Jak oceniacie bieżącą kondycję branży artykułów promocyjnych? Czy możemy mówić o odmrożeniu tego segmentu?  

Branża artykułów promocyjnych zatrzymała się tylko na chwilę. Obecnie trwa trudny okres dla wielu firm i tym ważniejsze jest skupienie się na promocji biznesu, aby mieć szansę przetrwać na rynku. Z drugiej strony w wielu segmentach rynkowych pojawiła się ogromna konkurencja i firmy stoją przed koniecznością wybicia się spośród wielu podobnych ofert. Promocja, czy szczególnie reklama, zawsze służy wzrostowi sprzedaży, zmieniają się tylko jej formy na bardziej kreatywne, zwracające uwagę potencjalnego klienta. Na rynku jest duża konkurencja, a każda firma chce się wyróżnić i szuka nowych pomysłów, aby zwrócić uwagę klienta, dlatego tak ważna jest promocja nawet w czasach kryzysu, a może zwłaszcza w czasach kryzysu i jestem przekonany, że przedsiębiorcy są tego świadomi, bo branża artykułów promocyjnych znowu nabiera rozpędu.

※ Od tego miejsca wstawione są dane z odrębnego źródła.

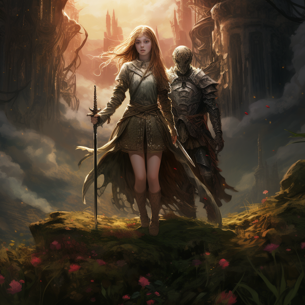 6) Эта так же фаворит, но уж слишком отдаляется от самого текста. Шлема такого рыцарь не носит, да и девочка здесь уже ближе к совершеннолетней, что идет в разрез с возрастом в тексте (13-14 лет)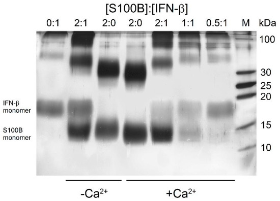 SDS-PAGE results for 5 μM IFN-β with/without Ca2+-depleted/bound S100B (S100B to IFN-β molar ratios are indicated) cross-linked with EDAC/sulfo-NHS at 25 °C.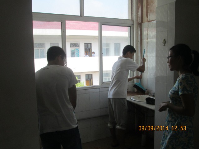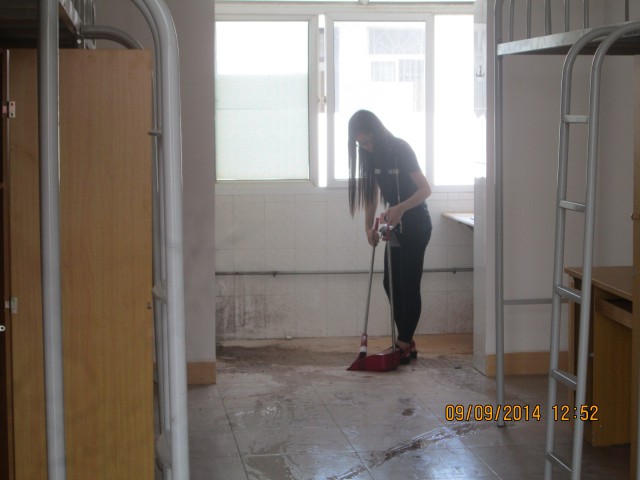 中午十二点半,伴着最为炙热的太阳,志愿者们在团委学生会生活部部长的带领下利用短暂的午休时间为新生们打扫寝室。扫帚、簸箕、拖把,同学们将各自寝室的工具带到现场,准备为即将到来的新生收拾出一个明亮整洁的新家。刚刚装修完的南苑寝室地面上满是装修时留下的残渣,同学们却是不怕苦不怕累不怕脏的将地面、桌面一一打扫干净。

Jakie znaczenie mają dla Was targi branżowe? Czy szczególnie teraz możliwość spotkania z klientami face to face jest niezwykle potrzebna?

Targi, to miejsce w którym można przedstawić własną firmę, zainteresować klientów swoją ofertą oraz pozyskać nowe kontakty biznesowe. Podczas targów w jednym miejscu znajduje się wiele firm z branży, dzięki czemu klienci mogą dowolnie porównywać oferty pod kątem jakości czy cen, a w naszej branży – poznać walory smakowe oferowanych wyrobów. Zawsze ceniliśmy sobie bezpośredni kontakt z klientem i jesteśmy zachwyceni, że w tym trudnym dla wszystkich roku, będziemy mogli nawiązać nowe relacje biznesowe. Będzie to wspaniała okazja do prezentacji produktów, wielu ciekawych i miłych rozmów oraz do wymiany doświadczeniami i spostrzeżeniami. Oczywiście jesteśmy świadomi, że wielu zwiedzających będzie unikała bezpośredniego kontaktu dlatego jedziemy zaopatrzeni w katalogi i broszury informacyjne aby każdy Zwiedzający mógł się czuć komfortowo na naszym stoisku.

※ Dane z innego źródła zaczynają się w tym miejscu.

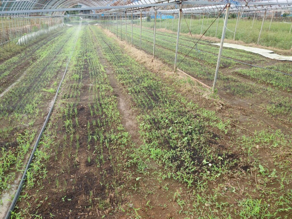 午前の作業は玉ねぎの苗の水やりと、ソルゴー倒しと、草刈です。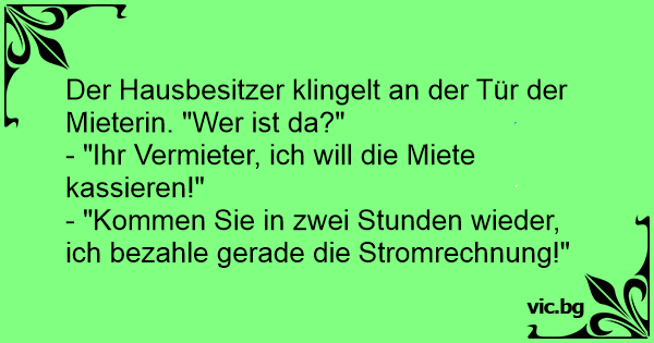 Der Hausbesitzer klingelt an der Tür der Mieterin. "Wer ist da?"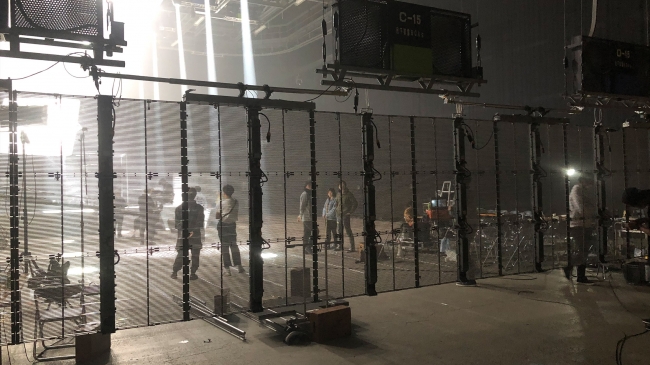 3.9ミリピッチ、横8メートル×縦2.5メートルの透過型LEDビジョンである「ウィンドウビジョン」を、映像演出の背景に使用しています。

Jak widzicie przyszłość i kolejne miesiące branży gadżetowej i reklamowej w ogóle?

Zbliżamy się do okresu zimowego, który zawsze obfituje w zamówienia na materiały promocyjne. W tym roku utrzymanie ciepłych relacji z klientami jest ważniejsze niż kiedykolwiek, dlatego jestem przekonany, że kolejne miesiące będą dobre dla branży gadżetowej i reklamowej.